We are happy retirees who usually spend the UK winter well away from the snow. This season we are in Penang but I have always felt Thailand was the place for us but I cannot find decent 6-month accommodation. Our rental budget is 300Gbp - 400 Gbp so we can usually find somewhere nice. When I check Thailand on the web I can only find luxury stuff for 6 months. Nice stuff for a more reasonable price seems to go to 12-month lets. Anyone have any good advice on how to find good stuff for 6 months - October to April. I'm thinking Krabi-Phuket area and I love Koh Lanta. -- we like to use the rental place as a base while we explore other parts of Asia so it cannot be too remote and husband would not like to drive in Thailand (sensible man) so we need a place with goodish local transport. Any advice gratefully received.


----------



## joseph44 (May 4, 2011)

Babyboomer, is you browse the internet for accommodation, especially in the areas that you would like to stay, you will find mot of the times more expensive properties. 
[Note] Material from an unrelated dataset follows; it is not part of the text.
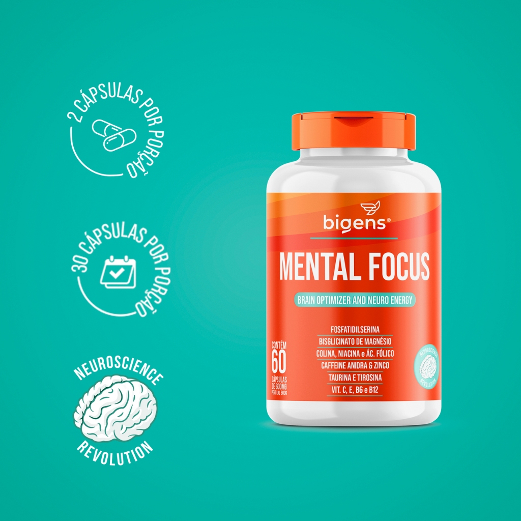 Biogens agora é Bigens! MENTAL FOCUS BRAIN OPTIMIZER AND NEURO ENERGY 60 CÁPSULAS Mental Focus Bigens é um suplemento formulado especialmente com substâncias que, apesar de potencializar o desempenho cognitivo, não são tóxicas ou viciantes. Praticantes de exercício físico possuem suplementos para o upgrade físico bem como praticantes de atividades mentais também podem se favorecer com suplementos para um upgrade mental. Mental Focus Bigens pode ser considerado um nootrópico, já que possui em sua composição nutrientes essenciais e biodisponíveis além de um composto ativo estimulante que colabora para um estado de alerta e atenção. Sua fórmula carrega doses eficientes de fosfatidilserina, cafeína, zinco quelato, colina, taurina, tirosina, ácido fólico, vitaminas C, E e do complexo B. Vitamina C (ácido ascórbico): é um antioxidante que auxilia na proteção dos danos causados pelos radicais livres, auxilia na absorção de ferro dos alimentos, no funcionamento do sistema imune, na formação do colágeno e na regeneração da forma reduzida da vitamina E. Niacina: também conhecida como niacinamida ou ácido nicotínico é uma substância encontrada no composto hidrossolúvel Vitamina B, mais especificamente, a B3. Sua síntese costuma ser insuficiente em humanos e, além disso, não temos a capacidade de armazená-la. Por esse motivo, a ingestão diária através da alimentação ou suplementação é fundamental. Essa vitamina auxilia no metabolismo de proteínas, carboidratos e gorduras, no metabolismo energético, na manutenção de mucosas, além de contribuir para a manutenção da pele. Vitamina B6: pode ser chamada de piridoxina, é um micronutriente que desempenha diversas funções no organismo, como por exemplo, auxiliar na síntese de cisteína, no metabolismo de proteínas e do glicogênio, no metabolismo de carboidratos e gorduras, no funcionamento do sistema imune, no metabolismo de homocisteína e na formação das células vermelhas do sangue. Vitamina B12: conhecida como metilcobalamina (B12 em sua forma biodisponível) no corpo. Essa vitamina auxilia na formação de células vermelhas do sangue, no funcionamento do sistema imune, no metabolismo energético, no metabolismo dos carboidratos, proteínas e gorduras, no metabolismo da homocisteína além de auxiliar no processo de divisão celular. A deficiência de vitamina B12 no organismo humano pode vir a gerar mudanças de ordem psiquiátrica, neurológica, hematológica, e gastrintestinal, podendo assim ser considerada a mais importante dentre as vitaminas do complexo B. Zinco: auxilia no metabolismo da vitamina A, na síntese de proteínas, no processo de divisão celular, na manutenção de ossos, contribui para a manutenção do cabelo, da pele e das unhas além de ser um antioxidante que auxilia na proteção dos danos causados pelos radicais livres. Como o revestimento das células nervosas é feito por gorduras cujas sínteses dependem do zinco, esse elemento é simplesmente essencial para o funcionamento e para a comunicação entre os neurônios. INGREDIENTES: Bisglicinato de magnésio, tirosina, ácido ascórbico, niacina (nicotinamida), acetato de D-alfa-tocoferol (vitamina E), cloridrato piridoxina (vitamina B6), metilcobalamina (vitamina B12), sulfato de zinco, bitartarato de colina, taurina, fosfatidil serina, cafeína, ácido fólico. INGREDIENTES DA CÁPSULA: Gelatina, corante inorgânico clorofila, opacificante INS 171 e umectante água potável filtrada. NÃO CONTÉM GLÚTEN. SUGESTÃO DE USO: Adultos 19 anos, Ingerir 2 cápsulas ao dia após o café da manhã, ou conforme a orientação de médico ou nutricionista. Conservar este produto bem fechado, em lugar fresco, seco e ao abrigo da luz. Após aberto consumir em até 90 dias.

Websites that you will not find easy through google are:
http://www.mrroomfinder.com
Thailand Classified Ads | 25 February 2012 | Page 1 | BahtSold.com
?????????????? ????????????? ????????????? ???????? ?????? ??????? ???????? ?????????????? ????????????? ???????????? ?????? ??????????? ???????? ???????? : Premium Mall - TARAD.com (in Thai)
most of the advertisers are private persons and the rental rates are more than reasonable. 

Otherwise, do what most people do. Move in a hotel for a week or so first and look around the area. 
ALL websites offering accommodation are perfect to make an inventory and get yourself orientated, but never book an accommodation online!!


----------



## wazza (Apr 4, 2010)

Hi BB99, I myself am a bb and go to Phuket often the trick I have found is to go book into a fairly nice hotel and check the local real estate agents and papers ,I also have made deals with hotels on a 1 month basis and have stayed up to 3 months at a time ,I did a deal last year for 12,000 Bht a month, room changed every day secure clean central,included power and water ,it was also the low season so depending on the time of year and your ability to barter,the better the deal,November through to April is high and mid season ,don't let that stop you. deals can be struct any time as they prefer bums in beds as oposed to empty beds , Good luck if you go there,
WAZZA


----------



## babyboomer99 (Feb 25, 2012)

Thanks for the websites - just what I need to get a picture of the type of stuff available and its price....will do some research then do as Wazza says-book in somewhere and start negotiating...thanks all.


----------